▶ **EXERCISE PROMPT**
The entries below need to be written out exactly, with no pictures included.

▶ **DATASET**
--- START ---
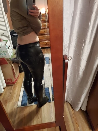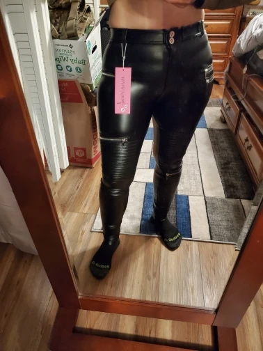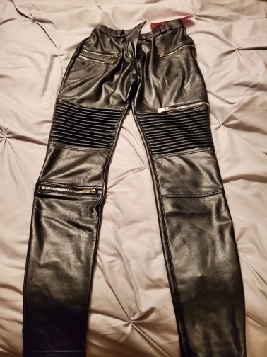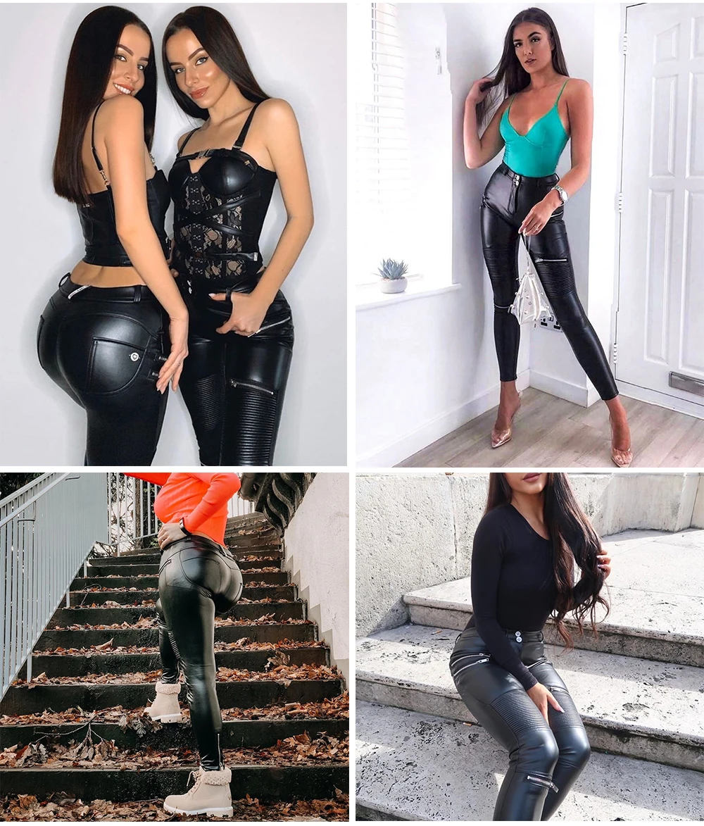 1. Кожаные брюки из искусственной лакированной кожи с облегающим дизайном.
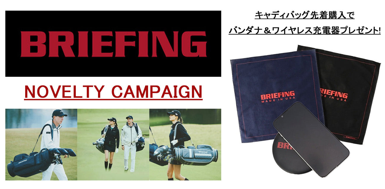 【BRIEFING GOLF ノベルティフェア開催中!!】対象のキャディバッグを購入でオリジナルバンダナ&ワイヤレス充電器をプレゼント
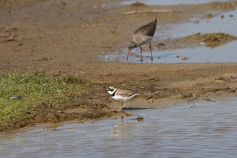 De kleine plevier vind ik altijd zo koddig met die gele rand om het oog. Eerst zoomde ik in op de kleine plevier.
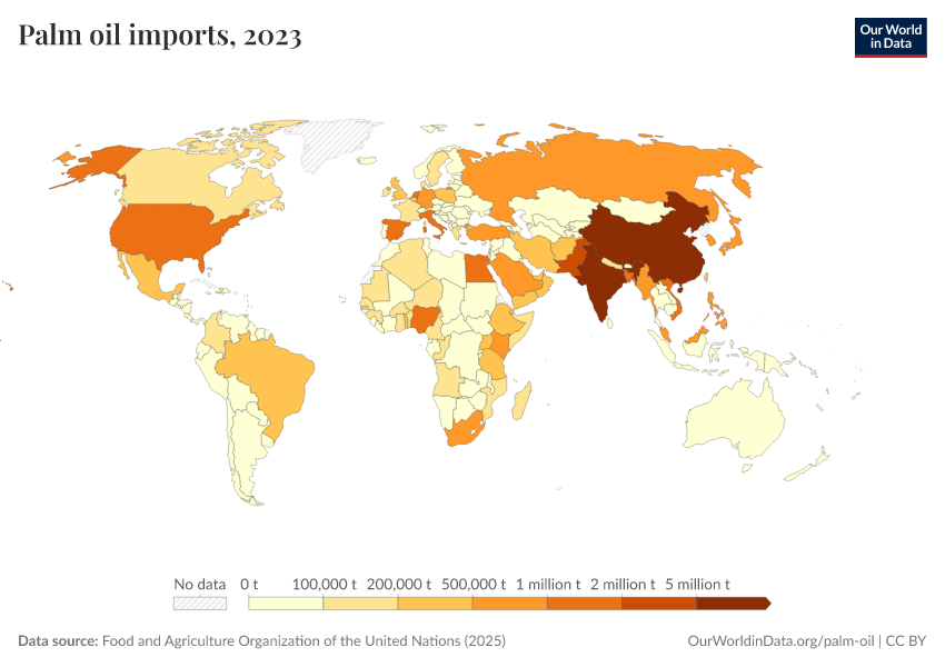 “Data Page: Imports of palm oil”. Our World in Data (2026). Data adapted from Food and Agriculture Organization of the United Nations. Retrieved from https://multi-dim-redirects-index.owid.pages.dev/grapher/palm-oil-imports [online resource]How to cite this data
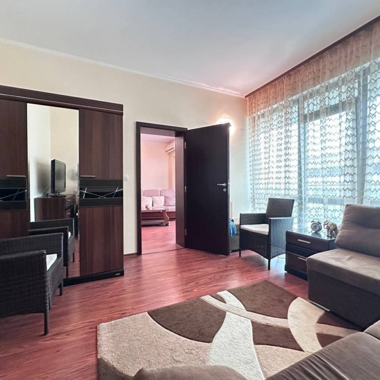 We offer for sale a stylish three-room apartment in the “Vavilon” residential complex in Sunny Beach. The apartment is modernly renovated, furnished with high-quality furniture, and has two bathrooms with shower cabins. The total area is 120 m². A spacious terrace with a partial sea view adds extra appeal to this offer.
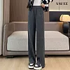 【AMIEE】設計感百搭顯瘦闊腿褲(KDPQ-9478) XL 黑灰
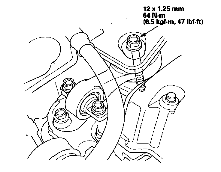 6. Raise the vehicle on the lift to full height, and tighten the front mount mounting bolt.
--- END ---
▶ **TASK OUTPUT**
 1. Кожаные брюки из искусственной лакированной кожи с облегающим дизайном.
 【BRIEFING GOLF ノベルティフェア開催中!!】対象のキャディバッグを購入でオリジナルバンダナ&ワイヤレス充電器をプレゼント
 De kleine plevier vind ik altijd zo koddig met die gele rand om het oog. Eerst zoomde ik in op de kleine plevier.
 “Data Page: Imports of palm oil”. Our World in Data (2026). Data adapted from Food and Agriculture Organization of the United Nations. Retrieved from https://multi-dim-redirects-index.owid.pages.dev/grapher/palm-oil-imports [online resource]How to cite this data
 We offer for sale a stylish three-room apartment in the “Vavilon” residential complex in Sunny Beach. The apartment is modernly renovated, furnished with high-quality furniture, and has two bathrooms with shower cabins. The total area is 120 m². A spacious terrace with a partial sea view adds extra appeal to this offer.
 【AMIEE】設計感百搭顯瘦闊腿褲(KDPQ-9478) XL 黑灰
 6. Raise the vehicle on the lift to full height, and tighten the front mount mounting bolt.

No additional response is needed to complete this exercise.